ISO Time with Timezone
The standard logging doesn't support the time as ISO with timezone; YYYY-MM-DDThh:mm:ss.sss±hh:mm. By default asctime uses a ISO like format; YYYY-MM-DD hh:mm:ss.sss, but without T separator (although this one could be configured by overriding a global variable, this can't be done by config file). You can use the datefmt option to specify another date format, however this one don't supports milliseconds, so you could achieve this format: YYYY-MM-DDThh:mm:ss±hh:mm.
This Filter can be used to achieve the full ISO 8601 Time format including timezone and milliseconds.
ISO Time Filter Constructor



Parameter
Type
Default
Description




isotime
bool
True
Add log local time as isotime attribute to LogRecord with the YYYY-MM-DDThh:mm:ss.sss±hh:mm format.


utc_isotime
bool
False
Add log UTC time as utc_isotime attribute to LogRecord with the YYYY-MM-DDThh:mm:ss.sss±hh:mm format.



ISO Time Config Example
filters:
isotime:
(): logging_utilities.filters.TimeAttribute
utc_isotime: True
isotime: False

NOTE: TimeAttribute only support the special key '()' factory in the configuration file (it doesn't work with the normal 'class' key).
Constant Record Attribute
Simple logging Filter to add constant attribute to every LogRecord
Constant Record Attribute Config Example
filters:
application:
(): logging_utilities.filters.ConstAttribute
application: my-application

NOTE: ConstAttribute only support the special key '()' factory in the configuration file (it doesn't work with the normal 'class' key).
Logger Level Filter
Sometimes you might want to have different log Level based on the logger and handler.

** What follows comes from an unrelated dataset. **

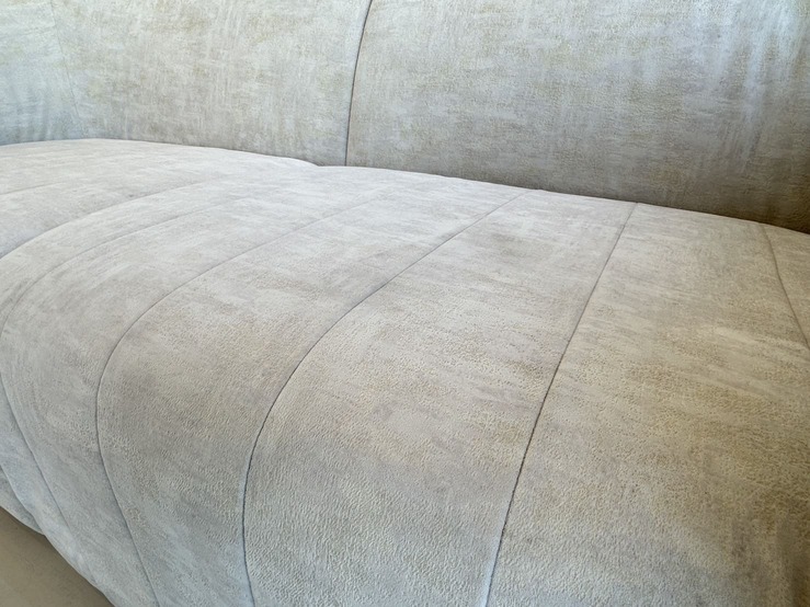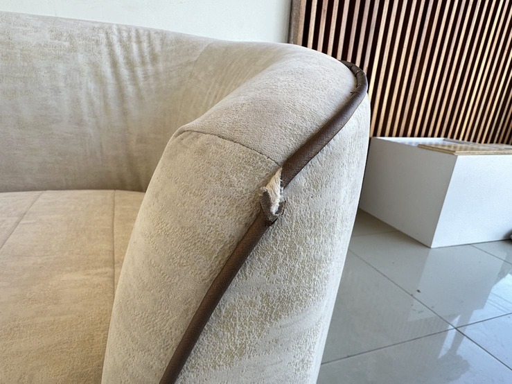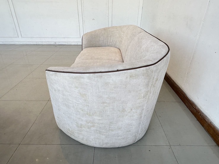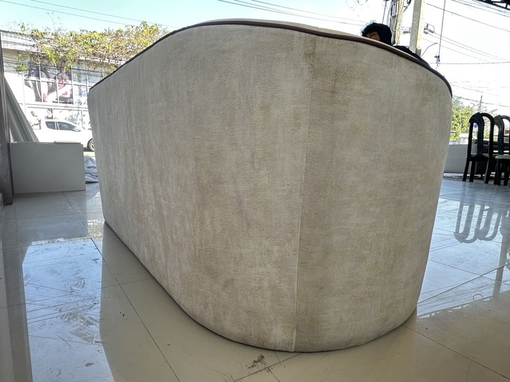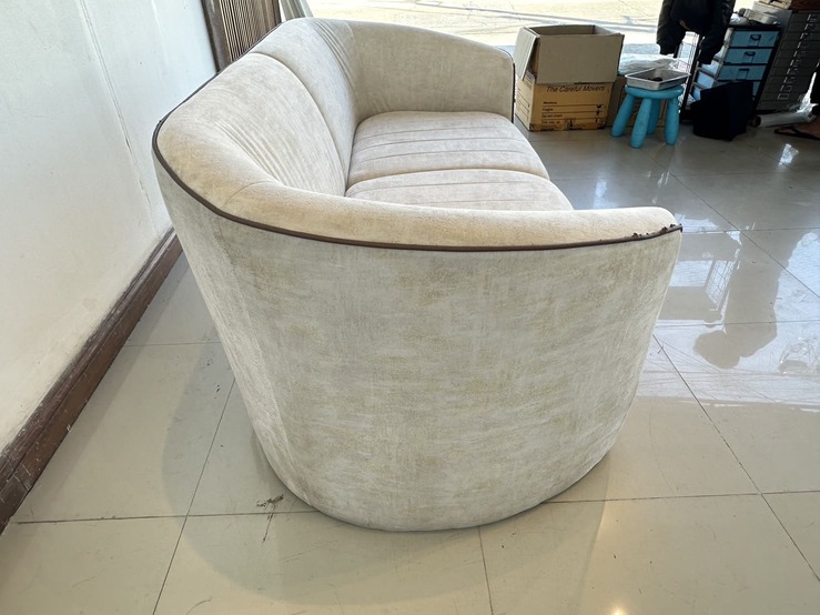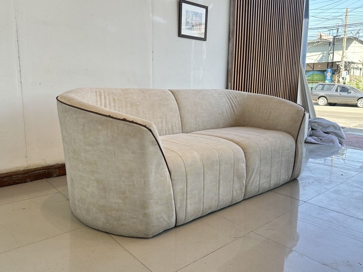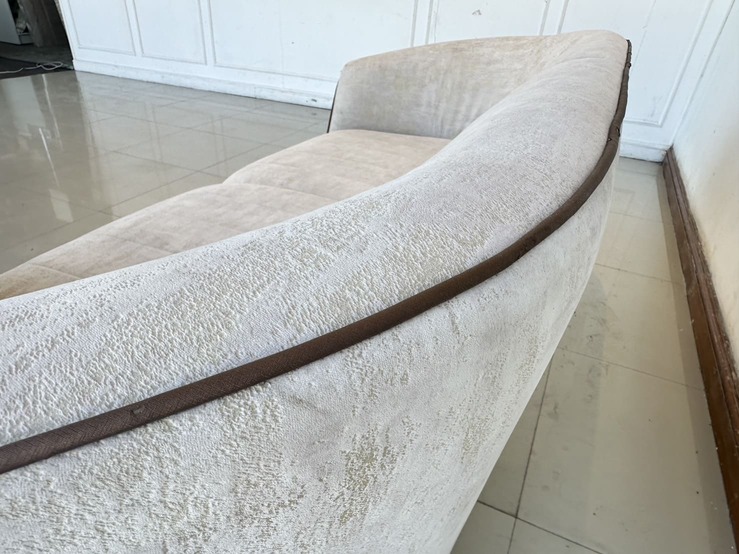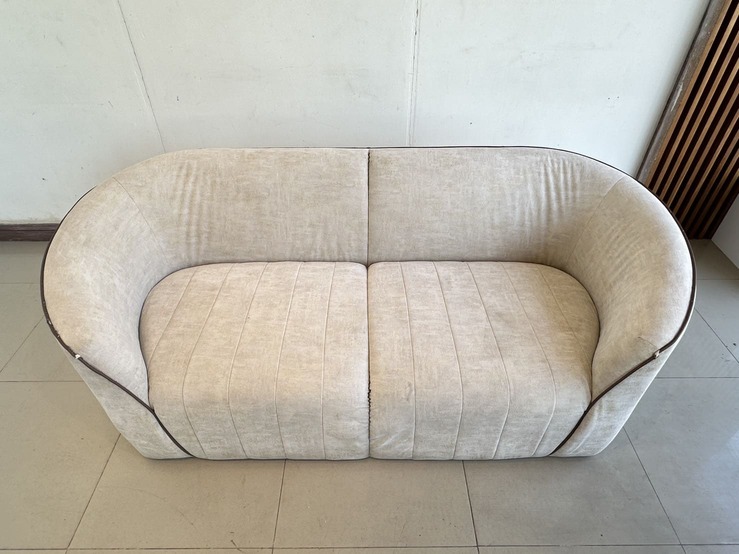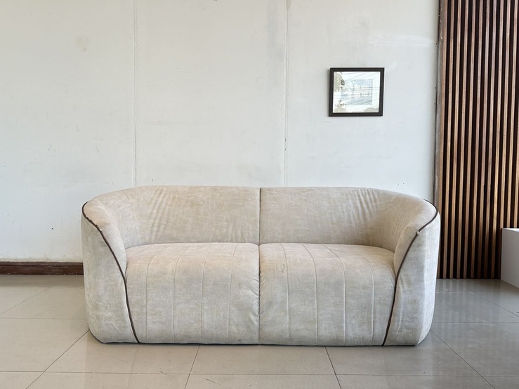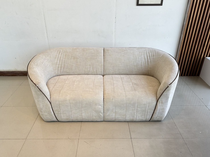 โซฟา 2 ที่นั่ง เบาะผ้ากำมะหยี่สีครีม ขอบกุ้นสีน้ำตาล โครงไม้ MDF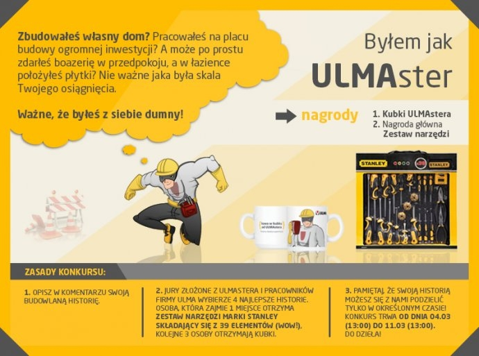 Opisz Nam swoją przygodę budowlaną i wygraj zestaw narzędzi oraz kubki z podobizną ULMAstera.

The standard logging library allow to set a logger level or a handler level but not based on both. Let say you have a config with two loggers logging to two handlers, on the first handler you want all messages of both loggers and on the second handler you want all messages of the first logger but only the WARNING messages of the second logger. This is here were this filter come into play.
Logger Level Filter Constructor



Parameter
Type
Default
Description




level
int | string
'DEBUG'
All messages with a lower level than this one will be filtered out.


logger
string
''
When non empty, only message from this logger will be filtered out based on their level.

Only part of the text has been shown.